_HOW TO COMPLETE THIS TASK_. Repeat the records below exactly from the line containing "- HEAVY-DUTY GARAGE" to the line containing "High-resolution image of", taking in both of those lines. Drop the pictures.

_DATA FOR PROCESSING_.
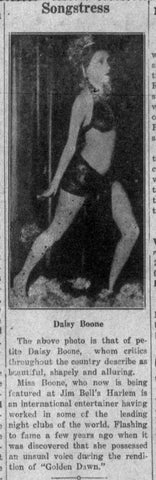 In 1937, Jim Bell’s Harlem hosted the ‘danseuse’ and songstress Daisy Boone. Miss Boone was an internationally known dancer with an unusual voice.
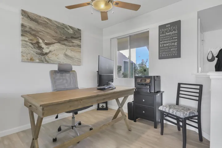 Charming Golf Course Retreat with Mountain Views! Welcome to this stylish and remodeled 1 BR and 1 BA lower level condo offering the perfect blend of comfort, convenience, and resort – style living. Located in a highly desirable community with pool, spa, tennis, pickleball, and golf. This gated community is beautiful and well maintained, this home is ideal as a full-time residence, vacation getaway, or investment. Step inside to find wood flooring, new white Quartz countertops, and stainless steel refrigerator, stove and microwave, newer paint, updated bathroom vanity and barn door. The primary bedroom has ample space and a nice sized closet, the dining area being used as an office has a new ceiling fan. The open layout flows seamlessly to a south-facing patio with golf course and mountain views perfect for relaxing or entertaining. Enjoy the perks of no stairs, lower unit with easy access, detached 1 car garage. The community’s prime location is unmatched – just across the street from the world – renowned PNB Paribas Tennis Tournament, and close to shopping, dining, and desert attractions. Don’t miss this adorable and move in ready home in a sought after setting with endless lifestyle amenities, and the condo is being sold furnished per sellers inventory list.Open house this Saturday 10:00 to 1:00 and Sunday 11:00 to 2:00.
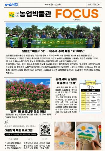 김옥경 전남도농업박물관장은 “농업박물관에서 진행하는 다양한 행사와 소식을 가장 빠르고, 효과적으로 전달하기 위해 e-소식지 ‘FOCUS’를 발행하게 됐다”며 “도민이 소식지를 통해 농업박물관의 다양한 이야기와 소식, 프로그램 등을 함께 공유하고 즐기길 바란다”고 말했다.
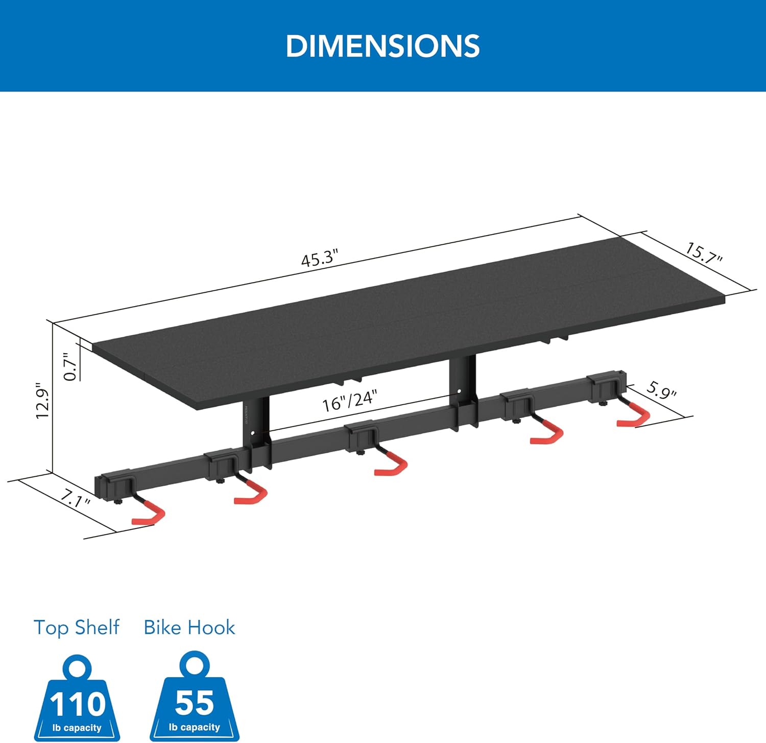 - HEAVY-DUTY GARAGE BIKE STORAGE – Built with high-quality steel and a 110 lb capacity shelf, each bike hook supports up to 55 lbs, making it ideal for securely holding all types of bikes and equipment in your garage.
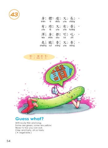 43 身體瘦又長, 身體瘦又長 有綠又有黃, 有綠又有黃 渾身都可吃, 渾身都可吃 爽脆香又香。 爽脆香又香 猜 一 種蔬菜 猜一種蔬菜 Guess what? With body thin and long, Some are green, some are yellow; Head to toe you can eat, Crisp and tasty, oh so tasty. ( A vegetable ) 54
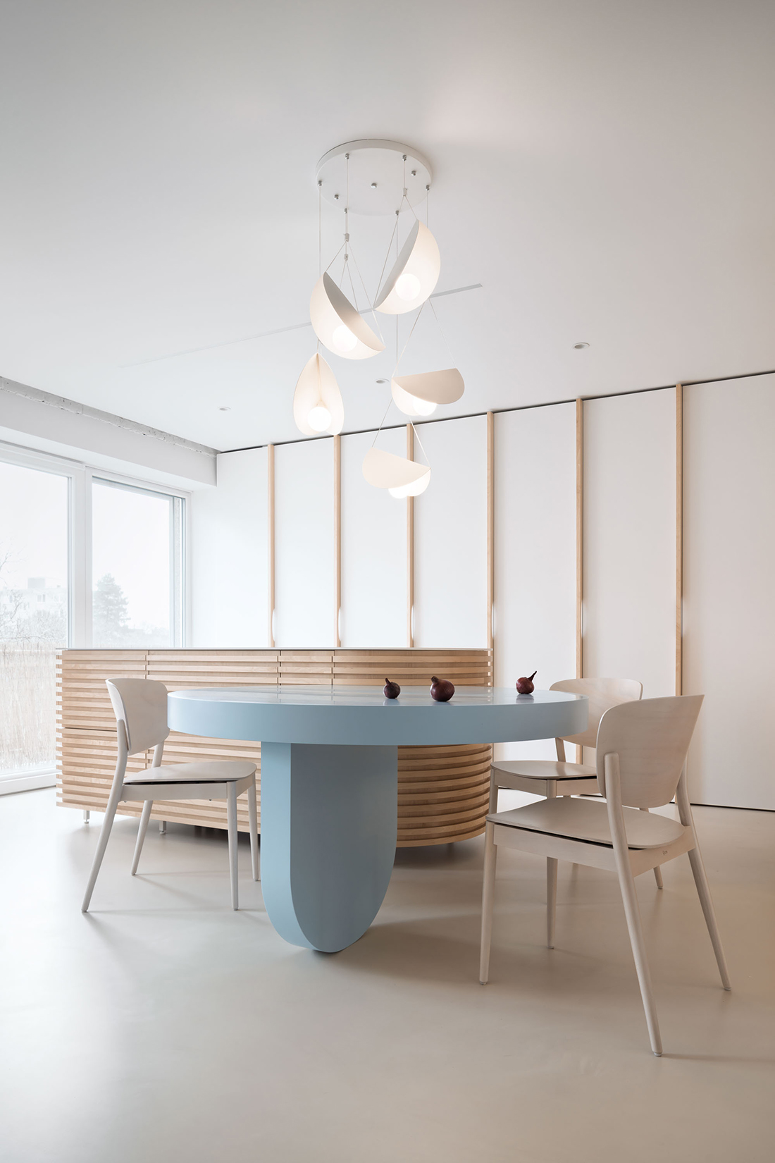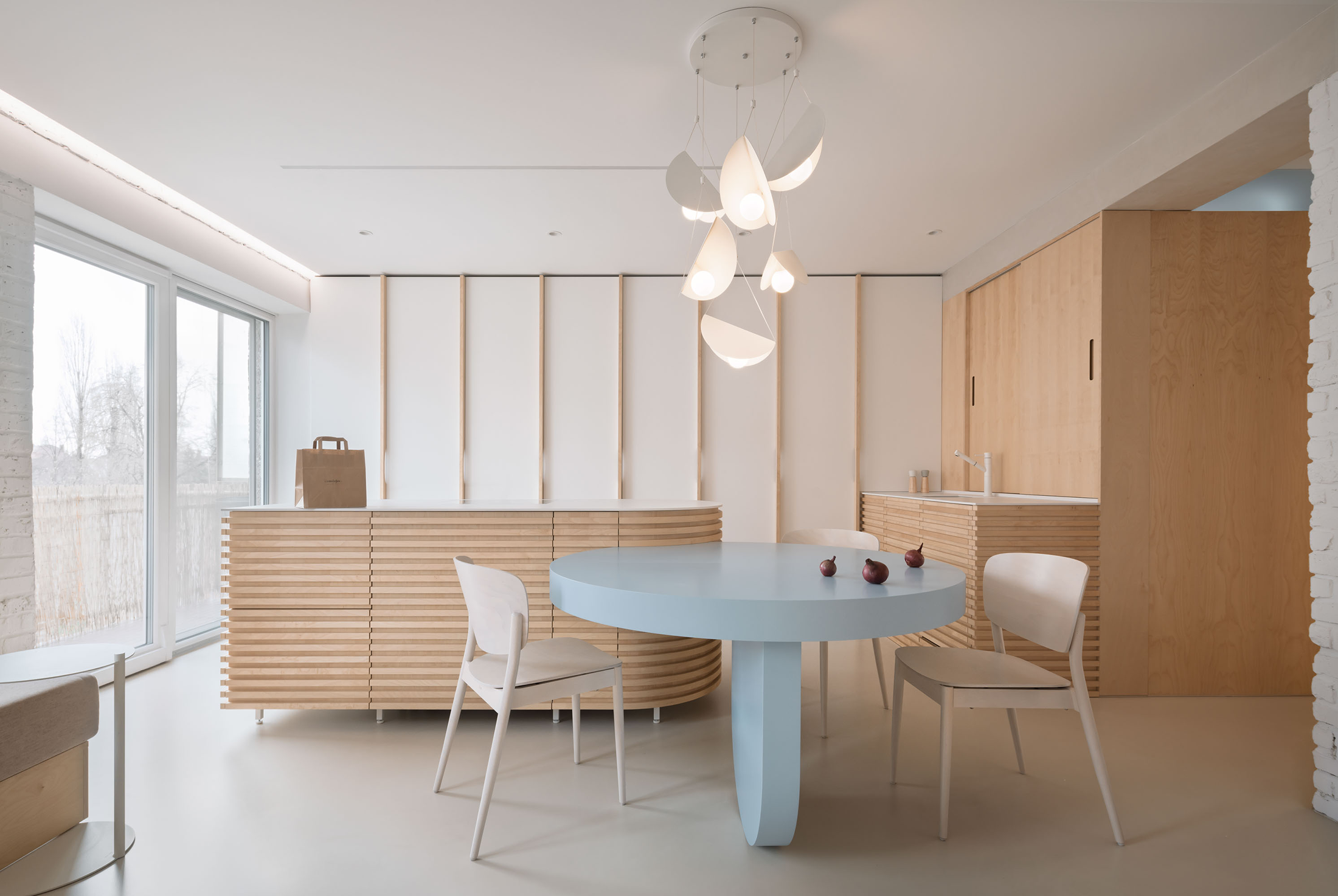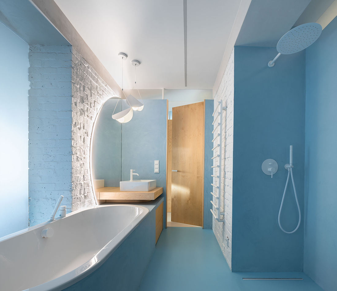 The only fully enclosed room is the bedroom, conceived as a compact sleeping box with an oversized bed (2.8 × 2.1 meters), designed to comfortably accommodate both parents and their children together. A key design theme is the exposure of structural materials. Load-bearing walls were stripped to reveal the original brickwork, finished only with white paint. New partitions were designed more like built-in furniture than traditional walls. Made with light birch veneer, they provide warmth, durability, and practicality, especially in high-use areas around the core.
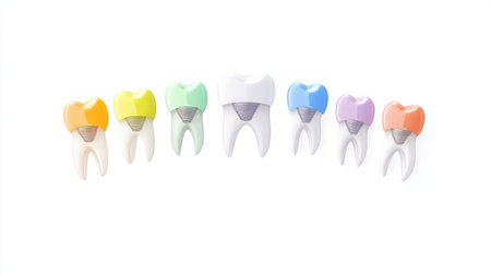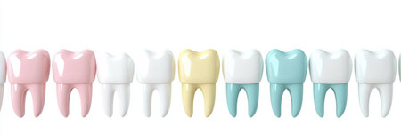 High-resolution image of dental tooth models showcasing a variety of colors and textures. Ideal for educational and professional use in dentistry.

...

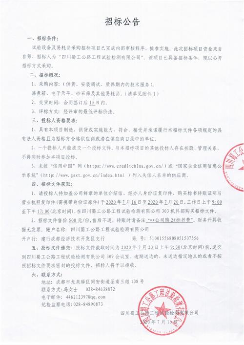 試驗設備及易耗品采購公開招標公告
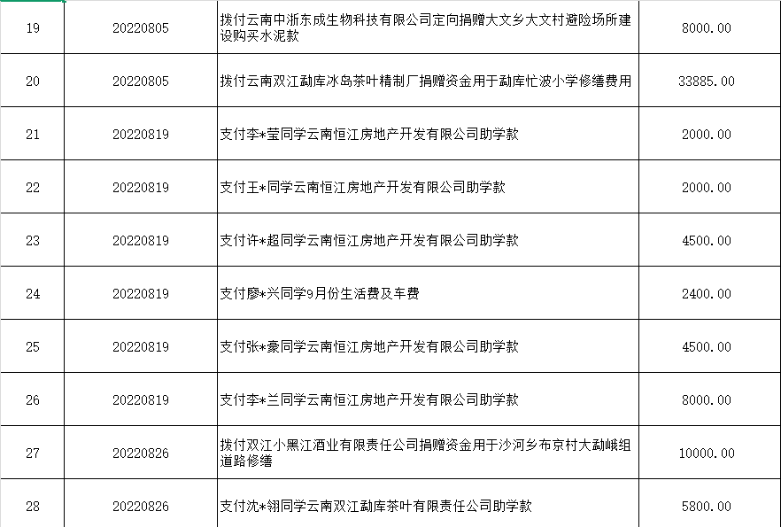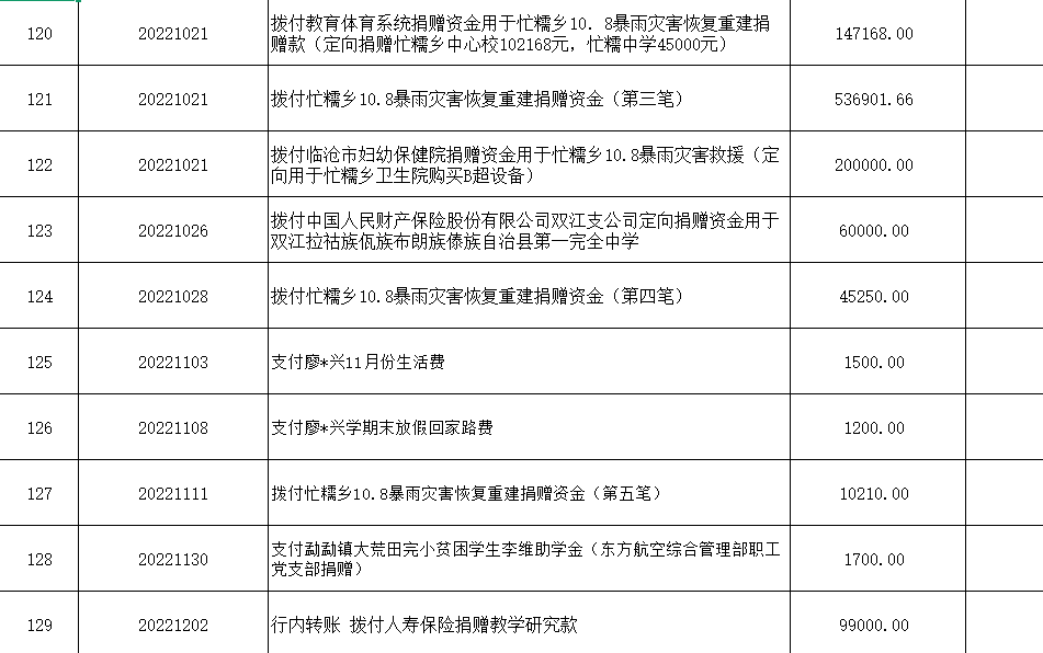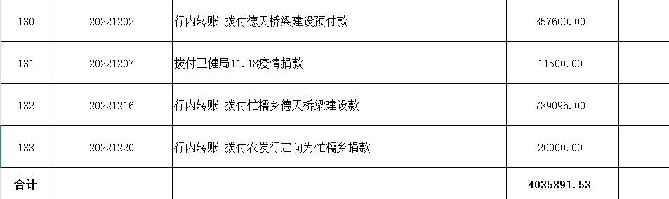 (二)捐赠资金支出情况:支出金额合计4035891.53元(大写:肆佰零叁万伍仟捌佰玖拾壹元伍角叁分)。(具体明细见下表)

--

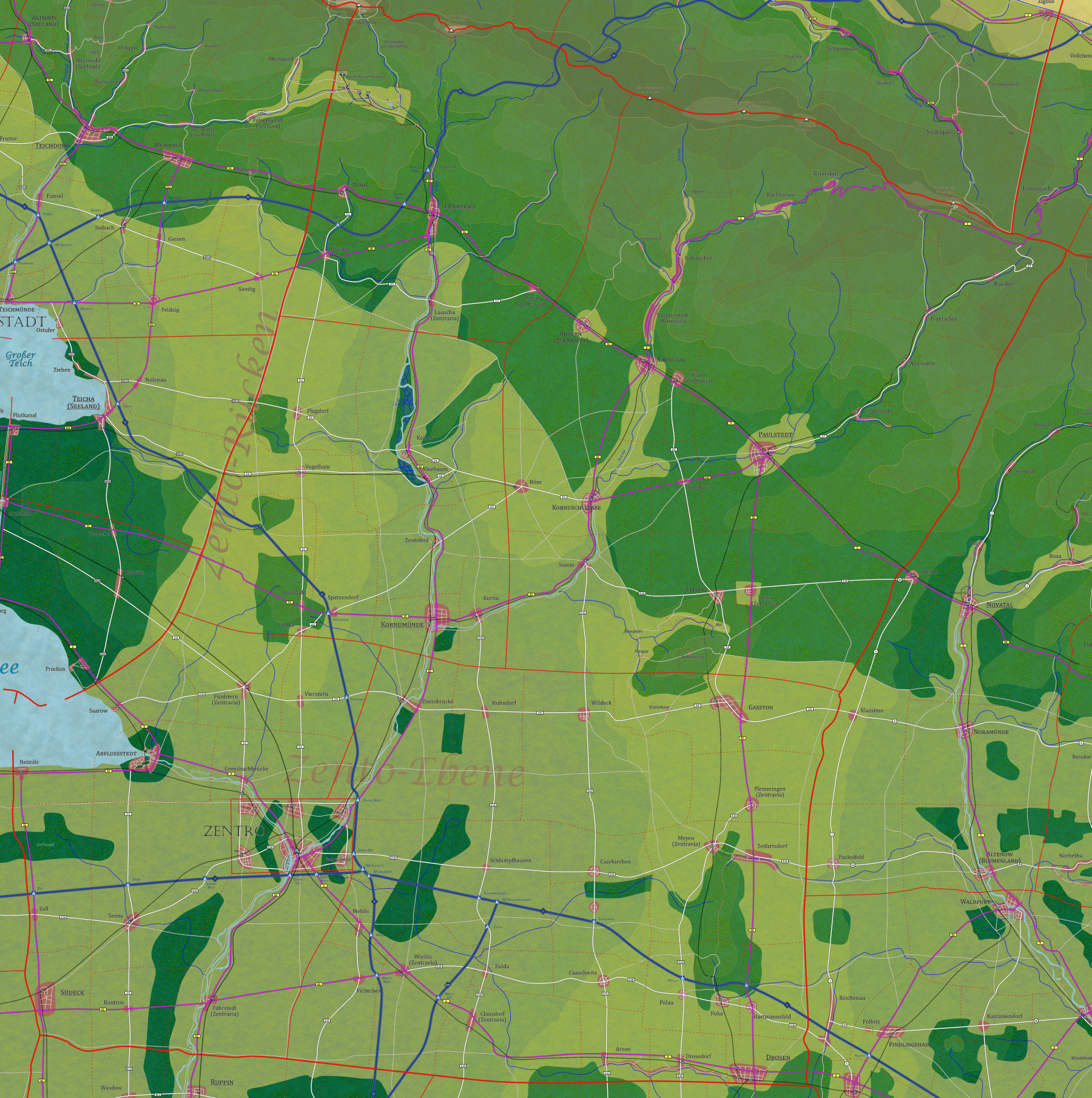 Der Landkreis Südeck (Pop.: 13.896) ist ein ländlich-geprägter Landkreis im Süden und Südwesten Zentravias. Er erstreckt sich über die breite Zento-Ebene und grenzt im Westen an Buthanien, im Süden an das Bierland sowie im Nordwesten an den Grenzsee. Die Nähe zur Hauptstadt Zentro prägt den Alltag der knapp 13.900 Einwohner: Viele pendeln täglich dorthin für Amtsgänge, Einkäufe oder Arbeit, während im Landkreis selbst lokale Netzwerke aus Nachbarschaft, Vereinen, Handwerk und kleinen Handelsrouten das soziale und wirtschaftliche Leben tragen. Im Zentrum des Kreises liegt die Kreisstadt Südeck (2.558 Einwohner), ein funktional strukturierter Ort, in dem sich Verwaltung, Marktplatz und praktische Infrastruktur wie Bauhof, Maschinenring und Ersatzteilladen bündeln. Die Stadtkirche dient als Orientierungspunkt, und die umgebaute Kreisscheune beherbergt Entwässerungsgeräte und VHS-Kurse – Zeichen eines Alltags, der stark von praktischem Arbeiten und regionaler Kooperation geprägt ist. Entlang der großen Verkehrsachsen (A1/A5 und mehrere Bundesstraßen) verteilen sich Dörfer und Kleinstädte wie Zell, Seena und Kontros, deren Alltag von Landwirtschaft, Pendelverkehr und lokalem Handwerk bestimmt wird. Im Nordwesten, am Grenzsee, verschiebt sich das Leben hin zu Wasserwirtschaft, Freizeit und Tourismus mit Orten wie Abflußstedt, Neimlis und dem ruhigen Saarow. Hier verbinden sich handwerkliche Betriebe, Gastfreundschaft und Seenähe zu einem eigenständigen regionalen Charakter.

_WRITTEN ANSWER_.
 - HEAVY-DUTY GARAGE BIKE STORAGE – Built with high-quality steel and a 110 lb capacity shelf, each bike hook supports up to 55 lbs, making it ideal for securely holding all types of bikes and equipment in your garage.
 43 身體瘦又長, 身體瘦又長 有綠又有黃, 有綠又有黃 渾身都可吃, 渾身都可吃 爽脆香又香。 爽脆香又香 猜 一 種蔬菜 猜一種蔬菜 Guess what? With body thin and long, Some are green, some are yellow; Head to toe you can eat, Crisp and tasty, oh so tasty. ( A vegetable ) 54
 The only fully enclosed room is the bedroom, conceived as a compact sleeping box with an oversized bed (2.8 × 2.1 meters), designed to comfortably accommodate both parents and their children together. A key design theme is the exposure of structural materials. Load-bearing walls were stripped to reveal the original brickwork, finished only with white paint. New partitions were designed more like built-in furniture than traditional walls. Made with light birch veneer, they provide warmth, durability, and practicality, especially in high-use areas around the core.
 High-resolution image of dental tooth models showcasing a variety of colors and textures. Ideal for educational and professional use in dentistry.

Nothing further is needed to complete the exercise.